Following its aggressive campaign to boost tourism traffic from unconventional source markets, the Department of Tourism (DOT) is pleased to announce the arrival of more and bigger cruise ships from Costa Cruises, Europe’s top cruise company. The luxury liner has scheduled a total of 15 visits to the country this year.
“Cruise ship tourists are a valuable segment of our arrivals as they come from the high-spending, silver markets of Europe and the US. I am pleased to note that beginning October of this year, Costa Cruises will upgrade to a bigger vessel that carries twice the number of passengers on board,” Tourism Secretary Ace Durano said.
“The new ship can carry 1,600 passengers which is a two-fold increase from the 800 passenger-capacity of Costa Allegra. This year, we have also augmented our scheduled ports of call in Manila compared to last year’s record,” cited Jenica Ferrer, Sales and Operations Officer of Costa Cruises in Manila.
The Philippines has been praised by guests for having the warmest arrival reception from among the ship’s destinations. “We make sure that they are treated to our one-of-a-kind Filipino hospitality.
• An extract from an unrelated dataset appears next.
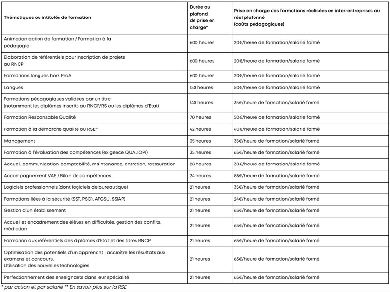 - Durée : dans la limite de 21 heures maximum par salarié formé et d’un plafond de 1 000€/jour

Even before the ship has completely docked, we greet guests with spectacular cultural performances amidst the festive atmosphere of various stalls offering handicrafts, delicacies and other home-made products on the wharf. We also give them a glimpse of the country by bringing them to a historical exploration of Corregidor, nature discovery of Tagaytay and Pagsanjan, and heritage tour and shopping in Manila,” shared Eduardo Jarque, Jr., Undersecretary for Tourism Planning and Promotions.
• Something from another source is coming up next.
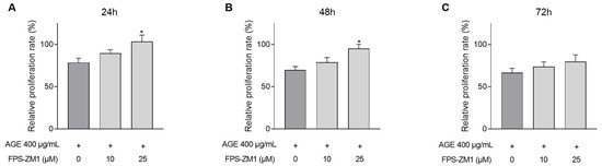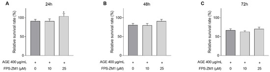 Survival (Figure 6A–C) was evaluated after 24 (A), 48 (B), and 72 (C) h. The negative impact on CASCs survival by AGEs (Figure 2) is significantly improved after pre-incubation with 25 µM FPS-ZM1 (Figure 6A–C). After 24 h, survival significantly improved (Figure 6A; 104% ± 7 in 25 µM FPS-ZM1 vs. 91% ± 4 in 400 µg/mL AGEs). This trend was also observed after 48 h (Figure 6B; 91% ± 5 in 25 µM FPS-ZM1 vs. 81% ± 5 in 400 µg/mL AGEs, p = 0.07).

Costa Cruises targets more than 18,000 passenger arrivals in Manila this year, which is almost twice the figure of last year’s record of 10,000 passengers.
Touted as a ‘romantic ship,’ Costa Classica holds an astonishing number of sculpture, original painting, hangings, murals, and crafts. It has ten decks, two swimming pools and 2 theaters, and is built with a tonnage of 52,926 tons, and a length of 723 feet.